Information on the usual dietary intake of students was collected by applying a semi-quantitative food frequency questionnaire (FFQ), assessing the previous six months, adapted from the questionnaire of Slater et al. (12). The questionnaires included 91 items organized into 13 food groups: milk and dairy products, meat and eggs, foods like meat and sausage, cereals and pasta, legumes, breads and cakes, fruits, vegetables, roots and tubers, candy and sweets, oil and fat, drinks, and processed snacks. The response options quantified consumption ranging from never or rarely to seven times a day, week, or month.

The food selection and preparation forms of the FFQ were designed taking into consideration the food items that are standard to the university restaurant menu, foods sold in the university cafeterias, and the food items commonly found in breakfast and snacks. The amounts of energy and macro- and micro-nutrient antioxidants were calculated using DietSys software version 4.01 National Cancer Institute, USA, 1999. The nutrition information on energy, macronutrients, copper, zinc, and vitamins A, E, and C were included in the program, with preference to the data of the Brazilian Table of Food Composition (13), followed by the Nutritional Composition Table of Food Consumed in Brazil (14). The recommended amount of selenium was obtained from Ferreira et al. (15), and the Nutritional Composition Table of Food Consumed in Brazil (14). Those nutrients not found in the cited food sources were analysed using the USDA Food Search for Windows, version 1.0, SR23. After analysing diet composition, nutrients were adjusted for energy using the residual method (16).

The reference values used for macronutrient intake were those of the acceptable macronutrient distribution range (AMDR) (17), and cholesterol intake was compared with the recommendations of the I Guidelines on Consumption of Fats and Cardiovascular Health (≤ 300 mg/day) (18). In relation to the intake of antioxidant vitamins and minerals, ingestion of the adjusted values was compared with the estimated average requirement (EAR) (19,10).

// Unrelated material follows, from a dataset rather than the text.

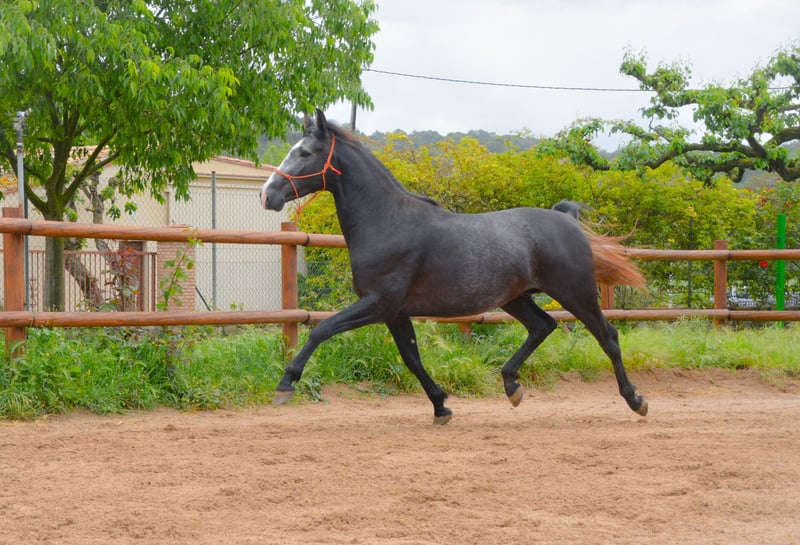 CORRIOL II potro PRE entero tordo de 3 años 162 altura recien entrado del campo con buenos movimientos y morfologia empezando su desbrave y empezandose s montar

Venous blood samples (10 ml) were collected from participants following at least 12 hours of fasting. The collected blood was distributed into two tubes containing 5 ml blood each, one with ethylene diamine tetraacetic acid (EDTA) as an anticoagulant and the other without anticoagulant, to determine plasma malondialdehyde (MDA) and serum lipids, respectively. Blood was centrifuged at 1,831 × g for 15 min at 4 oC (Centrifugal CIENTEC® 4K15). Obtained serum and plasma were transferred to polypropylene microtubes; the former was used immediately for lipid profile analysis, while the latter was stored at -80 oC until MDA analysis.

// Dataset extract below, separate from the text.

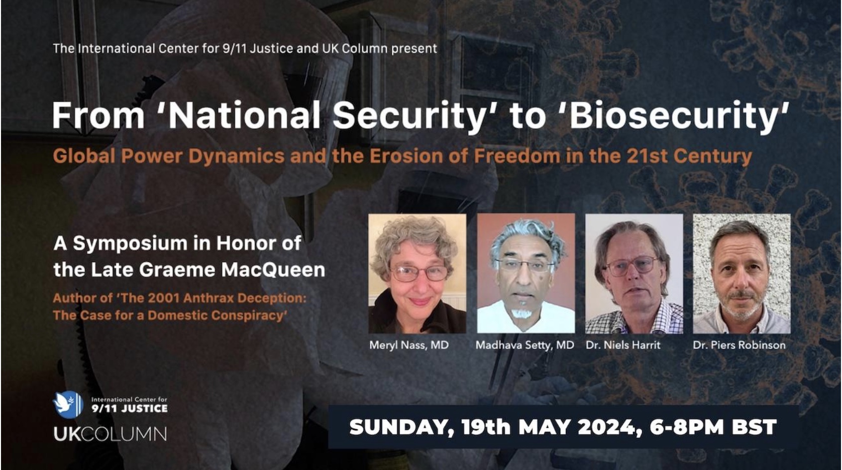 Join the International Center for 9/11 Justice and UK Column this Sunday 19th May at 6:00 PM UK for an online symposium exploring the connections between 9/11 and Covid-19.

Serum concentrations of total cholesterol, HDL-cholesterol, and triglycerides were determined using an enzymatic colorimetric method, in the automatic biochemical analyzer COBAS INTEGRA (Roche Diagnostics, Brazil) using Roche® kits. The low-density lipoprotein (LDL) fraction was calculated using the formula of Friedewald et al. (1972), which is valid for triglyceride levels up to 400 mg/dl (21). For serum lipid evaluation, we used as a standard the reference values found in the IV Brazilian Guidelines on Dyslipidemia and Prevention of Atherosclerosis (21).


The concentration of MDA in plasma was measured via high-performance liquid chromatography (HPLC), according to the method adapted from Rezaei et al. (22). Prior to processing, the samples were prepared using a calibration curve stock solution of MDA with 22 μl of tetramethoxypropane and 10 ml of 1% sulfuric acid at concentrations of 0.0, 0.25, 0.5, 1.0, 2.0, 4.0, 6.0, and 12.0 mM. In microtubes containing 100 μl of plasma, 10 μl of 4M sodium hydroxide were added. After vortexing, the samples were incubated in a VorTemp® apparatus at 60 oC for 30 minutes and then incubated on ice for five minutes. After cooling, 150 μl of 1% sulfuric acid were added, and the solution was vortexed to precipitate proteins. Following incubating on ice for five minutes, the solution was centrifuged for ten minutes at 14,000 g, and 175 μl of the supernatant was transferred to a new microtube, with the subsequent addition of 25 μl of 2.4-dinitrophenylhydrazine (0.001 g/ml) and incubation at room temperature for 30 minutes, protected from light. The tube was then centrifuged at 14,000 rpm for five minutes, and 150 μl of the supernatant were transferred to a vial, from which 100 μl were used in HPLC.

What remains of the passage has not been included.